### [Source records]
* * *
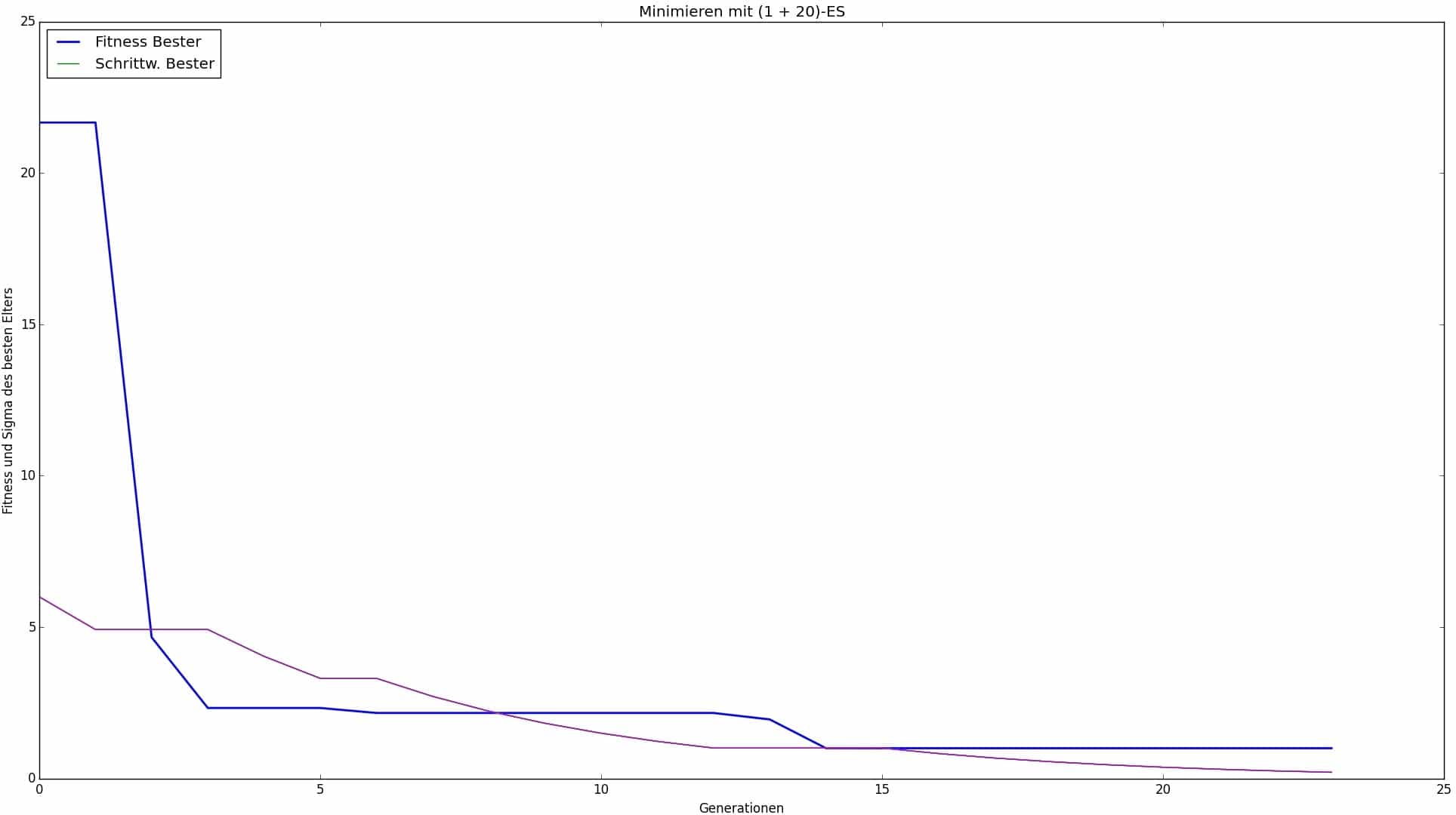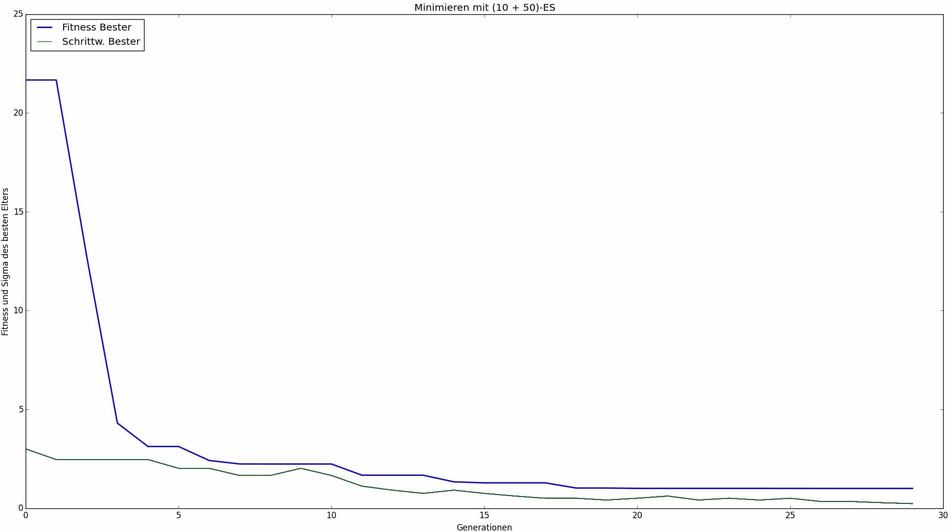 Die Menge von, global betrachtet, 9 Eingabeparametern haben Wertebereiche die mehrheitlich unendlich groß sind (reelle Zahlen allgemein bzw. ganze Zahlen ohne obere Schranke). Von einigen unterschiedlichen und erwähnenswerten Ansätzen wird sich in dieser Arbeit aus zwei Gründen dafür entschieden, zunächst mit (+)-Strategien und 1/5-Erfolgsregel als MSR zu arbeiten. Mit einer solchen ES gibt es die geringste Anzahl möglicher Eingabeparameter, weshalb mit ihr ein guter erster Entwurf einer Parameterkonfiguration gelingen kann. Ferner kann sie dabei helfen, Aussagen über die Beschaffenheit der Zielfunktion zu treffen, was für die Parametereinstellungen anderer ES’en dienlich sein wird. Zum Beispiel kann mit dem Konvergenzverhalten einer (1+1)-ES mit niedrigen Startschrittweiten die nähere Umgebung der Zielfunktion ausgehend von der Startkonfiguration ausgelotet werden; Wird nach wenigen Iterationen ein lokales Optimum gefunden, hat man Aufschluß über seine Existenz (es existiert), seine Ausprägung (Funktionswert wiedergeben lassen) sowie seine ungefähre Entfernung (nah).
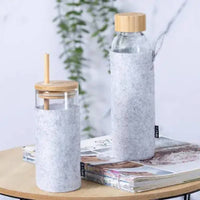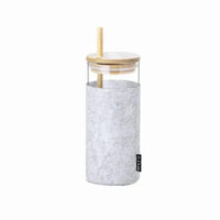 Body made of borosilicate glass -BPA free- offering exceptional strength and durability, extending its lifespan and making it reusable countless times. Including soft, sustainable RPET felt pouch, bamboo push-on lid with a hole for straw, and a reusa
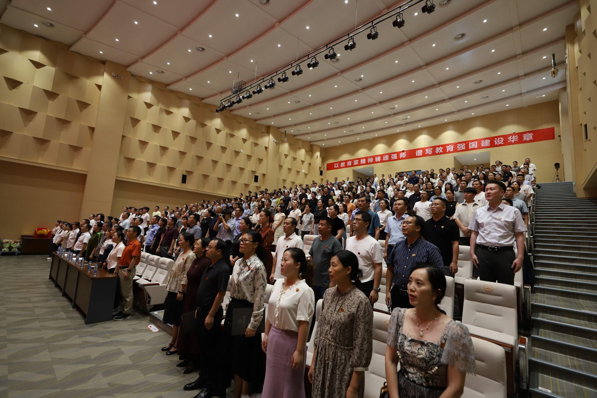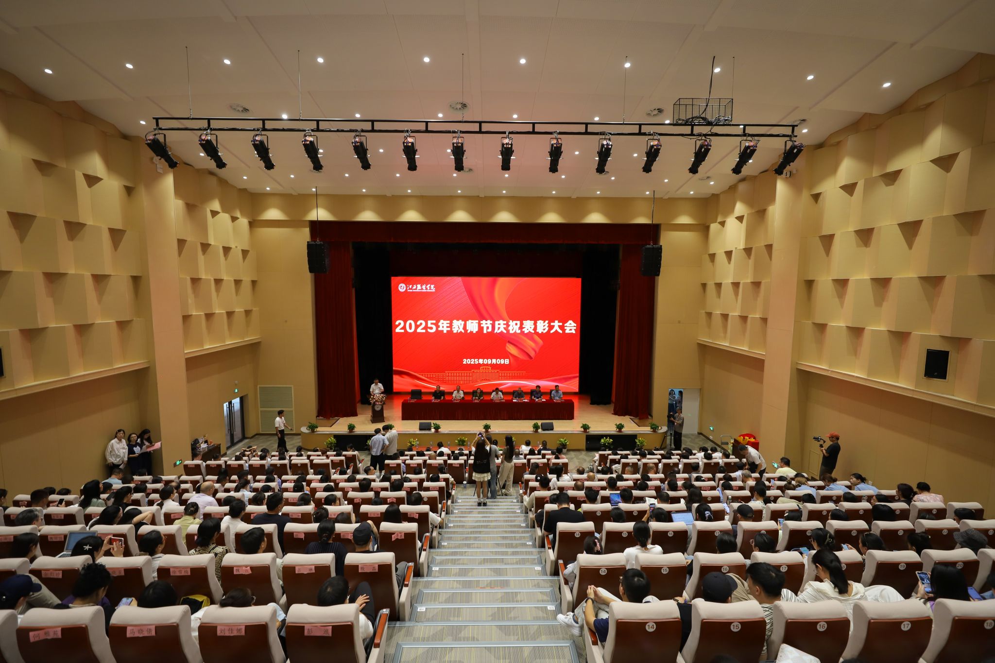 新闻中心讯(文/万强 图/申宇晨 张婷 钟鼓乐)秋华映初心,桃李颂师魂。在全国第41个教师节来临之际,新葡萄官网在体育馆多功能报告厅召开2025年教师节庆祝表彰大会。校党委书记林井萍、校长薛家宝等全体在家校领导出席大会,全体中层干部、教职工代表参加了大会。党委副书记、副校长李宝君主持会议。
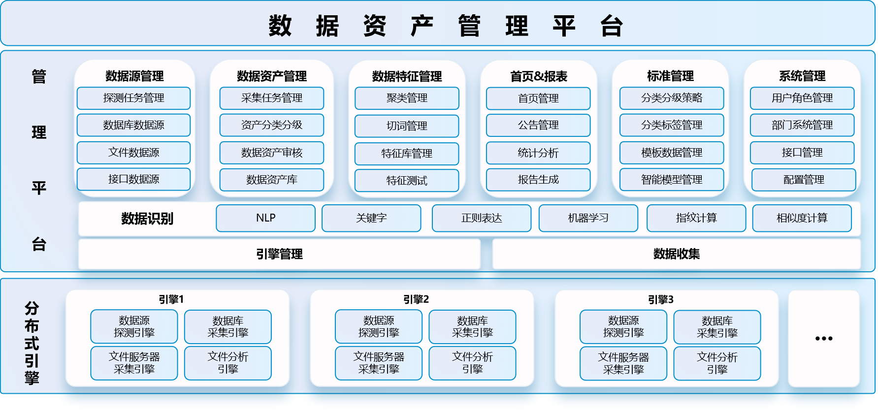 数据资产管理平台是所有数据安全相关工作开展的前提,平台旨在帮助单位建立数据资产台账,具备“一站式”数据资产管理、多样化自动化分类引擎确保结果准确性、灵活可扩展的部署模式、支持自定义对外接口等特点,为数据安全保护提供资产底数支撑。
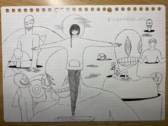 @start_yuji 初参加させていただきます アナログだったりデジタルだったりで気の向くままに描いております 月と異形と手がお気に入りです
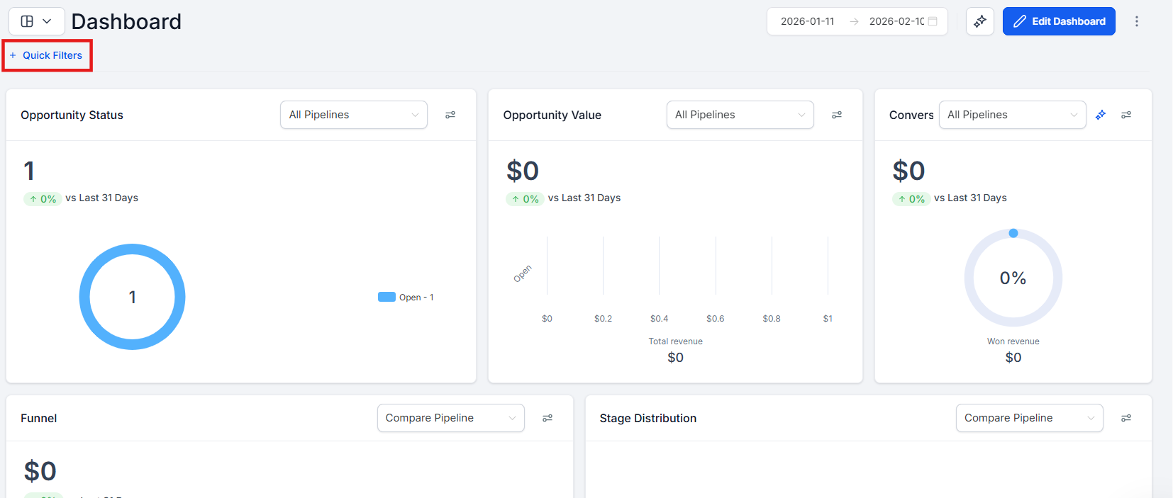 Section titled “Step 2: Access the Quick Filters Menu”Click on the Quick Filters button at the top of the dashboard.
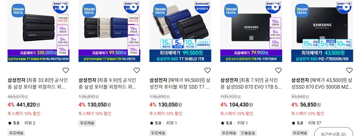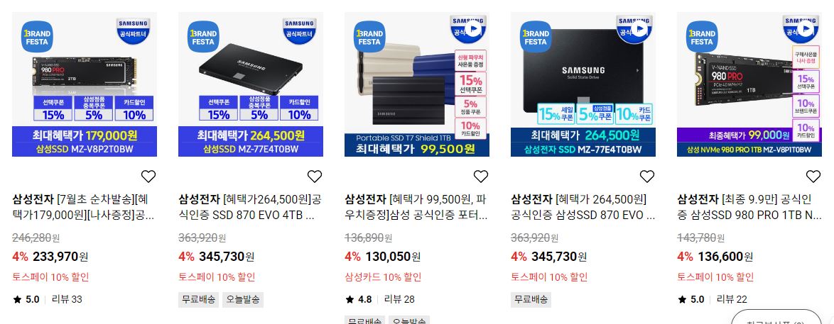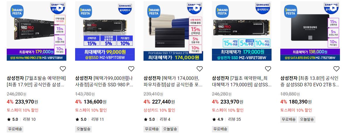 삼성전자 메모리/저장장치 세일 정보 포스팅입니다.
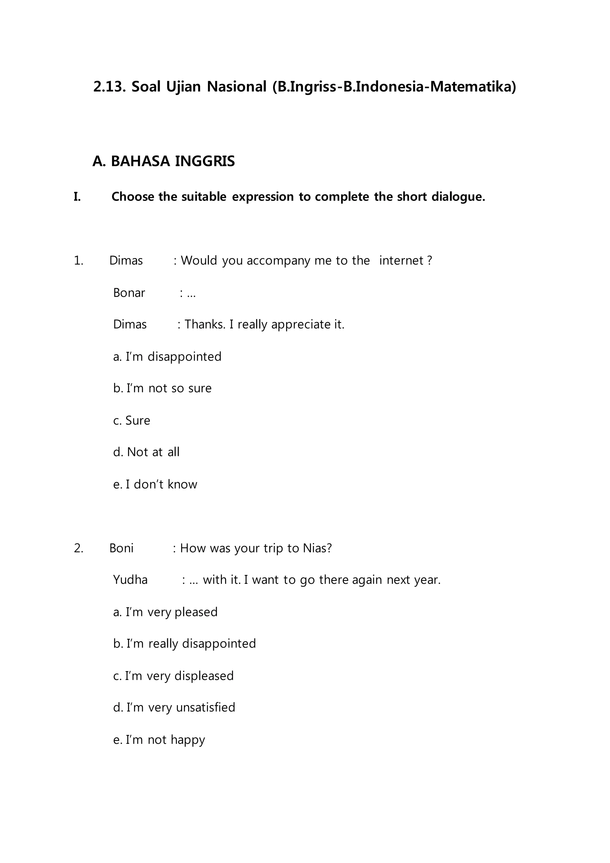 Dokumen ini berisi soal ujian nasional yang mencakup berbagai topik, seperti bahasa Inggris, undangan, pengumuman, dan pertanyaan tentang berbagai teks, termasuk budaya dan transportasi di New York. Beberapa soal menguji pemahaman siswa terhadap dialog dan arti kata-kata dalam konteks kalimat. Terdapat juga kisah fabel yang menggambarkan persahabatan antara seekor singa dan seekor serigala.
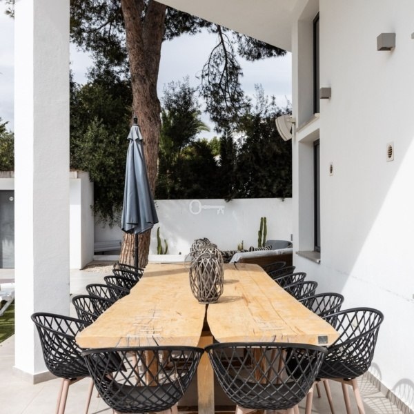 Ta znakomicie odnowiona willa cieszy się godną pozazdroszczenia lokalizacją zaledwie 180 metrów od dziewiczych piaszczystych wybrzeży Las Chapas Playa. Oferuje pięć wystawnych sypialni i cztery nienagannie urządzone łazienki, znajduje się na rozległej działce od strony południowo-zachodniej, a wszelkie udogodnienia i obiekty rekreacyjne znajdują się w odległości krótkiego spaceru.
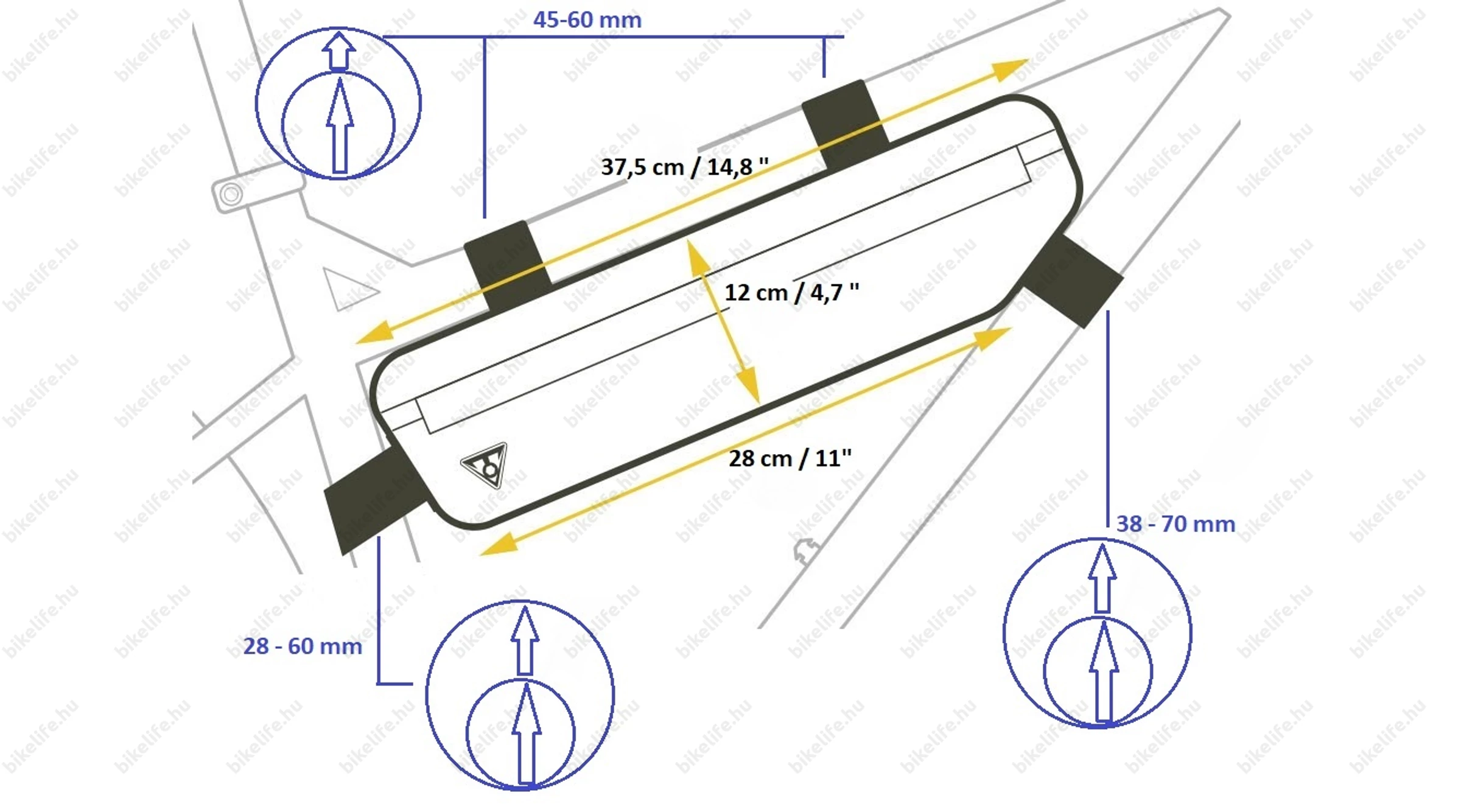 Méreteit tekintve 37,5 x 12 x 28 cm kiterjedésű. A fenti képen látható a rögzítő pántok befogadóképessége, mellyel ellenőrizheted, hogy a te vázvastagságod alkalmas-e a táska felfogatására. Szerencsére elég széles a tartomány, így nagyon ritkán fordul elő, hogy egy bicajra nem rögzíthető a Midloader. A pozitív visszajelzések is igazolják, hogy ha egyszer megveszed, biztos lehetsz benne, hogy nem fogod megbánni. :)
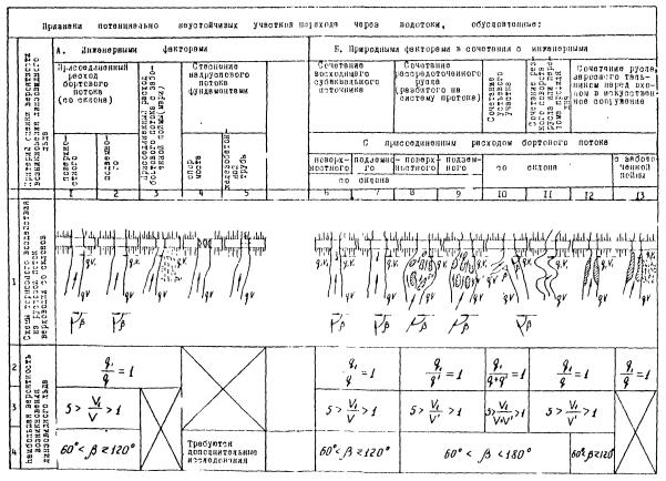 Схема тормозного воздействия на русловой поток инженерных факторов и их сочетаний с природными факторами. Поскольку склоновый поток (верховодка) почти всегда воздействует на русловой поток под углом β = 90°, он уже в силу этого аффекта может при соответствующих условиях погасить до 50% кинетической энергии руслового потока. Такие условия имеют место: при сближении величины расхода руслового (q1) и склонового(q) потоков, т.е. q1/q → 1, что наблюдается при малых потерях расхода q1, (значительная обводненность склонов осенними дождями, выпавшими в районе перехода, значительные снежные отложения на склонах в начале зимы, особенно при кустарниковом и травяном покрове и т.п.) и, наоборот, при больших потерях расхода q (сухая осень и не значительный снежный покров в верховьях бассейна, потери руслового потока на наледеобразование на участках русла, расположенных выше перехода и т.п.). Рассмотренные условия подлежат учету в следующих случаях, возможных как при крутых склонах узких логов, так и при поступлении воды в русло с замаренных (заболоченных) наклонных пойм, особенно, когда русло стеснено валунами или тальником, снижающими скорость потока: при скорости склонового потока V1 превышающей скорость руслового потока V, что имеет место при значительной разности отметок водоразделов по сравнению с отметкой дна лога или долины; при, наличии в русле водотока, в месте присоединения потока верховодки: субаквального источника, каменистого переката, скального выступа, отдельных валунов и островков, разбивающих русло на систему узких потоков с малыми глубинами. Поскольку склоновый поток в этих случаях взаимодействует не с русловым потоком, а с протокой, имеющей расход q1 < q, вероятность возникновения линзовидного льда сильно возрастает; в этих условиях он может появиться даже при значительной ширине русла - на средних горных реках; при наличии в месте проектируемого перехода соединения двух и более поверхностных ручьев, особенно при угле 60-90°; при наличии в русле мелких островков, сложенных водоносными грунтами, разбивающих его на ряд проток, а также валунов и других препятствий, снижающих скорость и способствующих возникновению в промерзающих наносах двух и более грунтовых потоков, взаимодействующих под большим углом; при стеснении фундаментами трубы или моста подруслового потока, особенно в сочетании с его ускоренным промерзанием в пределах сооружения. Во всех этих случаях, возникновение линзовидного льда в русле возможно лишь при наличии подруслового потока и промерзания русла до твердого основания. Качественный прогноз возникновения линзовидного льда при выборе места перехода невозможен без строгого соблюдения правил строительства и эксплуатации земляного полотна водопропускных сооружений. Намеченные при изысканиях трассы в качестве мест перехода участки русла водотоков (конкурирующие варианты), с точки зрения прогнозируемого развития линзовидного льда делятся на следующие группы: устойчивые, где линзовидный лед не обнаружен ни в русле (визуально или по опросным данным), ни в грунте (буровыми скважинами) и по данным прогноза отсутствует возможность его появления по окончании строительства; неустойчивые, где линзовидный лед обнаружен в виде бугров в русле (визуально или по данным опроса старожилов) или в грунте (буровыми скважи
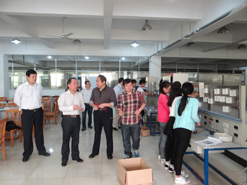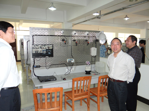 课程结束后,甘校长来到智能楼宇实训室,在查看了师生自己动手涉及制作的实训设备后,对电子工程学院师生的实践能力给予了很高评价。甘校长指出,电子工程学院有能力承担好学校正在安装的学生宿舍电子安全门和分析测试中心电子门、电子屏幕等电子设备的制作安装,此举既可以为电子学院师生提供实践平台,节约了施工成本,又方便了电子设备的维修维护。他勉励电子、土建、机材、信息等理工科学院积极主动地承担起学校部分工程的设计制作工作。
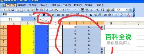 选择一块与根据颜色求和同样长宽的区,并将活动单元格定位到最最上角,并在单元格中输入”=color“,然后按ctrl+回车,(ctrl+回车的过程是将名称对应的函数复制到框选区域的过程,函数内的参数是相对引用的)大红圈中的返回值3,6,41分别代表红黄蓝三种颜色的代码
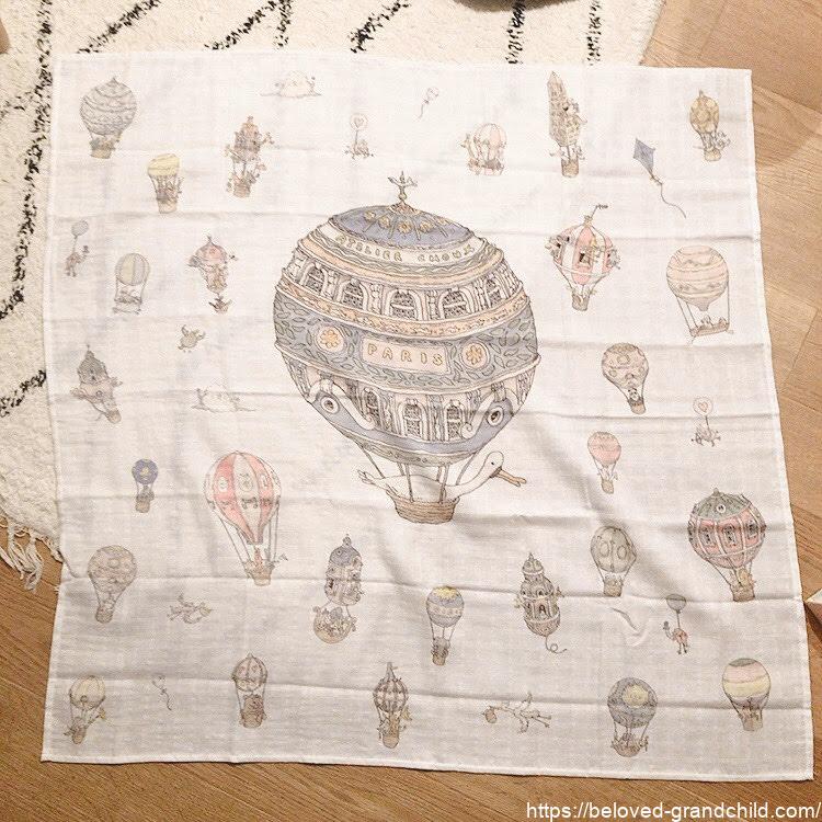 上質なモスリンコットン100%で作られていて、ベビーカーに敷いたりお昼寝に掛けたり大活躍します。
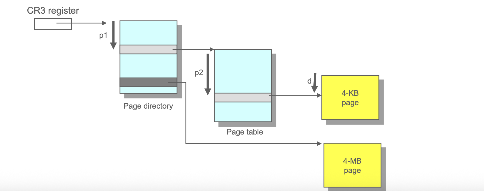 Pentium은 두 가지 페이지 크기를 지원한다. (4KB, 4MB) 4KB 페이지를 사용하는 경우, 2단계 페이징이 적용되며 다음과 같이 가상 주소가 구성된다.(10비트 page directory p1, 10비트 Page table p2, 12비트 offset d)
* * *
### [EXERCISE AIM]
Above are some entries. Restate word for word the lines from the one holding "课程结束后,甘校长来到智能楼" through the one holding "上質なモスリンコットン100", but not the pictures.

### [RESULT FOR THIS TASK]
 课程结束后,甘校长来到智能楼宇实训室,在查看了师生自己动手涉及制作的实训设备后,对电子工程学院师生的实践能力给予了很高评价。甘校长指出,电子工程学院有能力承担好学校正在安装的学生宿舍电子安全门和分析测试中心电子门、电子屏幕等电子设备的制作安装,此举既可以为电子学院师生提供实践平台,节约了施工成本,又方便了电子设备的维修维护。他勉励电子、土建、机材、信息等理工科学院积极主动地承担起学校部分工程的设计制作工作。
 选择一块与根据颜色求和同样长宽的区,并将活动单元格定位到最最上角,并在单元格中输入”=color“,然后按ctrl+回车,(ctrl+回车的过程是将名称对应的函数复制到框选区域的过程,函数内的参数是相对引用的)大红圈中的返回值3,6,41分别代表红黄蓝三种颜色的代码
 上質なモスリンコットン100%で作られていて、ベビーカーに敷いたりお昼寝に掛けたり大活躍します。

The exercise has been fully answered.